Dans ce spectacle, la troupe hongroise arrive à réinventer un cirque contemporain qui semblait un peu figé dans son approche. On ne mélange plus seulement la musique, les prouesses athlétiques et une trame narrative.

Les jeunes artistes osent une nouvelle approche pour chacun des numéros, dans lesquels on sent l’influence de la danse contemporaine, de l’art clownesque ou du théâtre, de même que l’importance de la musique et des éclairages.

Le numéro de mât chinois est époustouflant, celui de la roue allemande est intrigant, le solo aux sangles est quasiment irréel, alors qu’on rit beaucoup durant le numéro de fil de fer, qui entremêle le burlesque, la musique et le théâtre.

Ballet chorégraphique

Surtout, on reste totalement interloqué devant l’extraordinaire beauté du numéro de six équilibristes exécutant un ballet chorégraphié au millimètre. La perfection des gestes, la maîtrise de la force, l’harmonie des corps, l’émotion qui se dégage de ce tableau sont impressionnantes.

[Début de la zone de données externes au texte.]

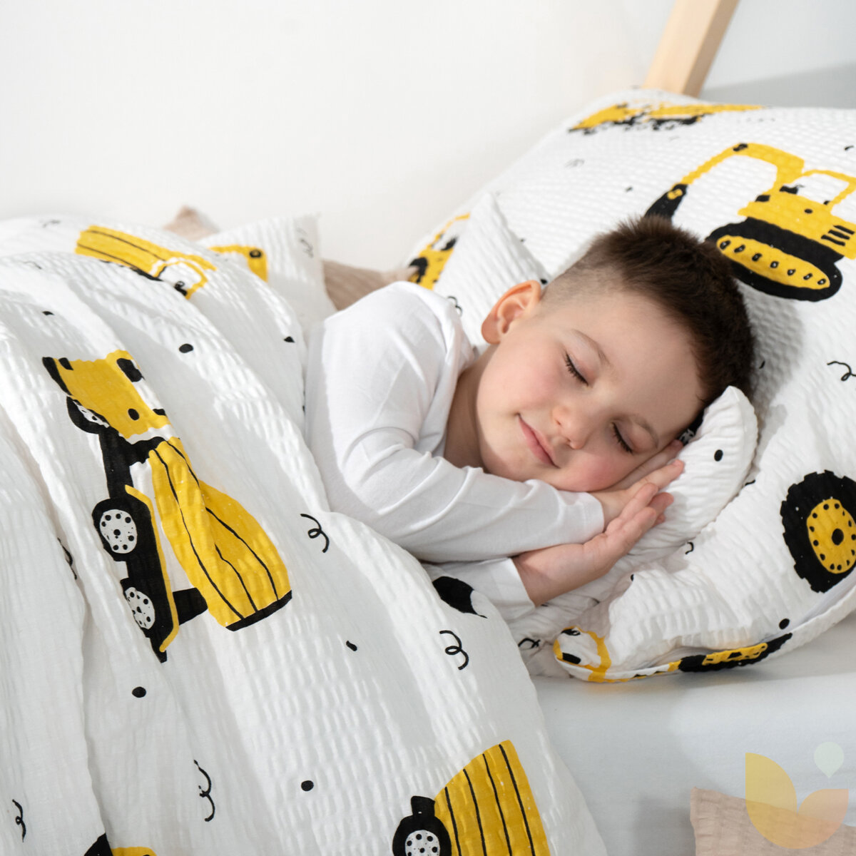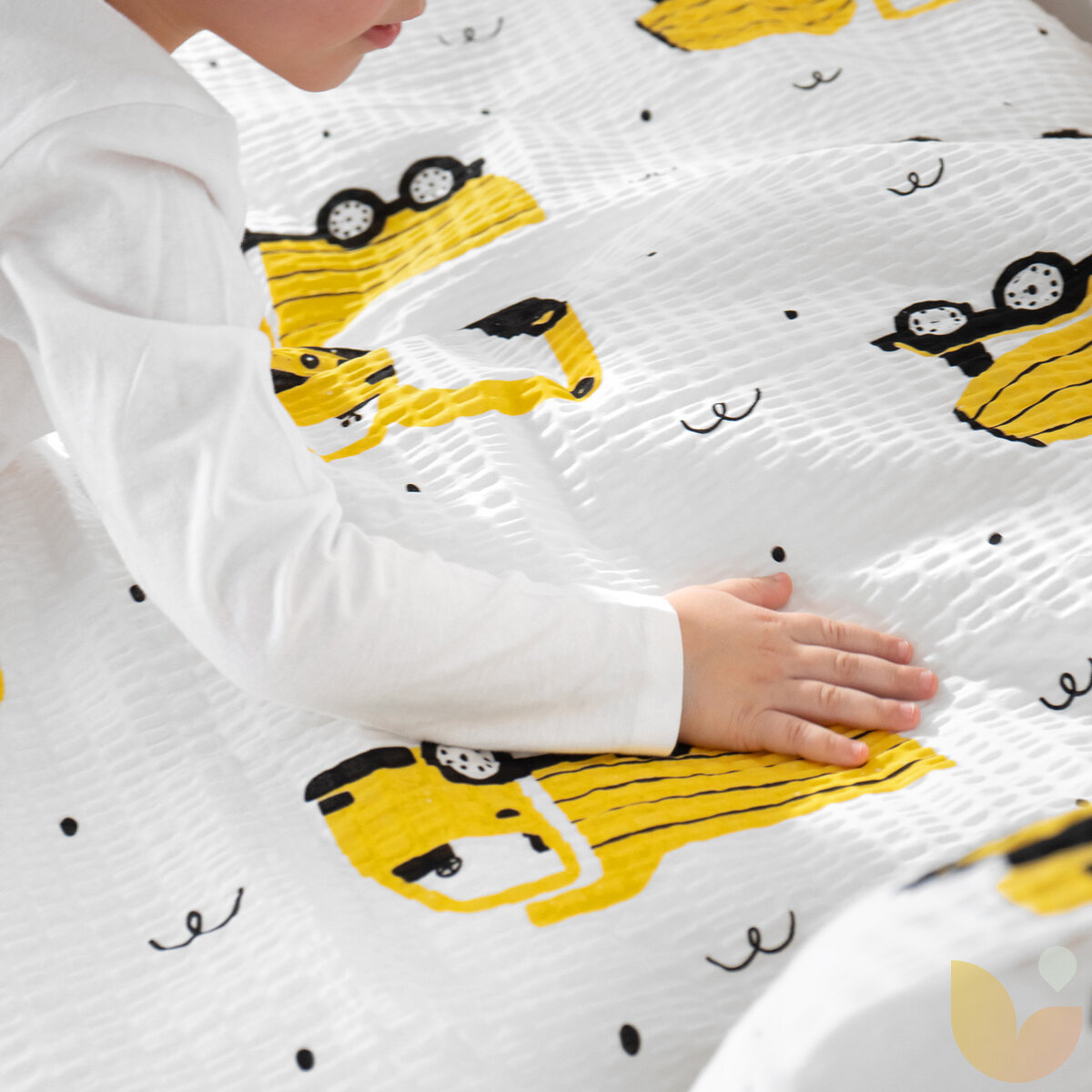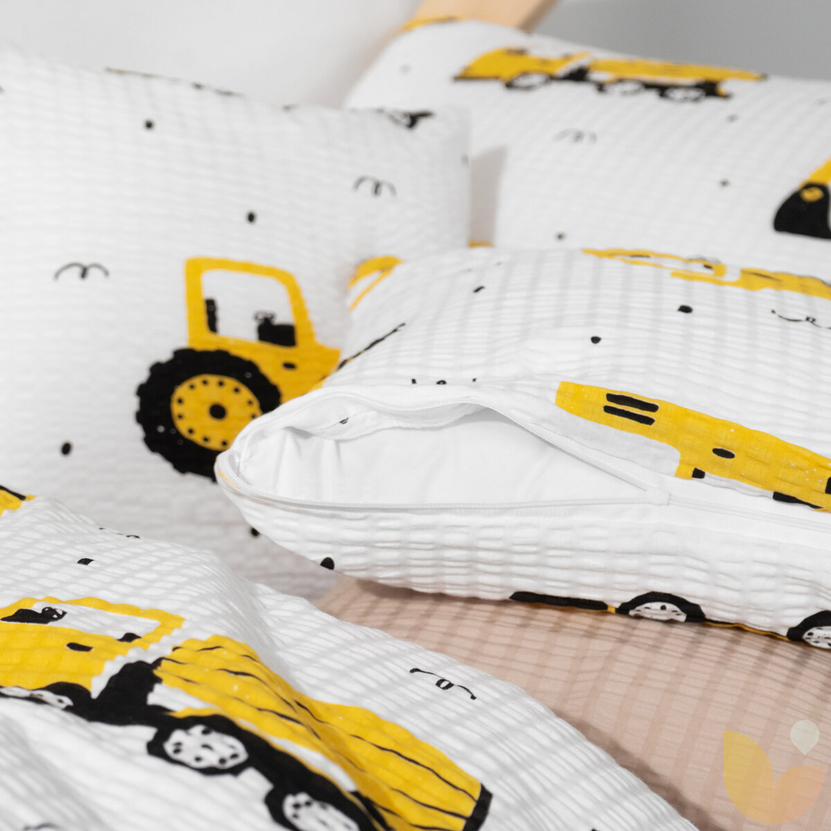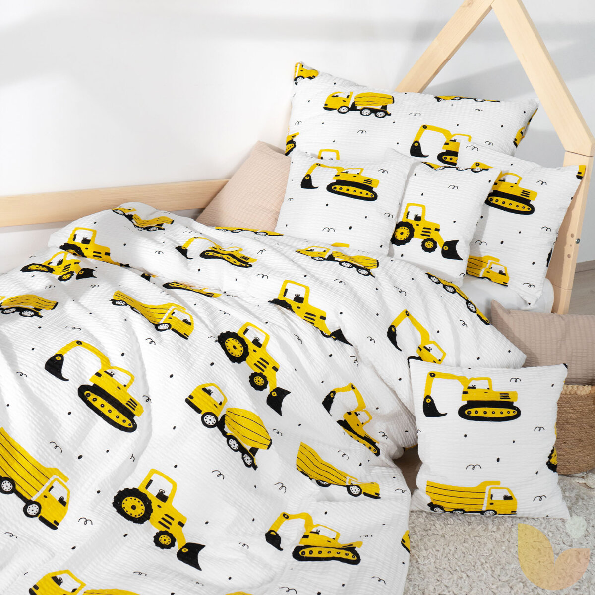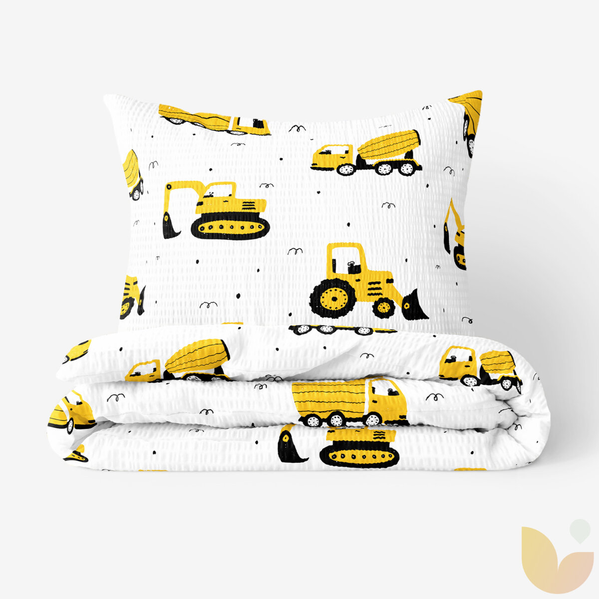 Kinder - Seersucker Bettwäsche - Bagger und Baufahrzeuge

Les dix acrobates hongrois et le Montréalais d’origine allemande, Sascha Bachmann, qui les accompagne pour l’occasion, arrivent à surprendre avec des numéros modernes et poétiques, tout en poussant constamment plus loin la performance.

On ressort de Night Circus complètement charmé et ensorcelé par tant de beauté et de grâce.


Night Circus de la compagnie Recirquel est présenté à La Tohu, à Montréal, jusqu’au 22 octobre.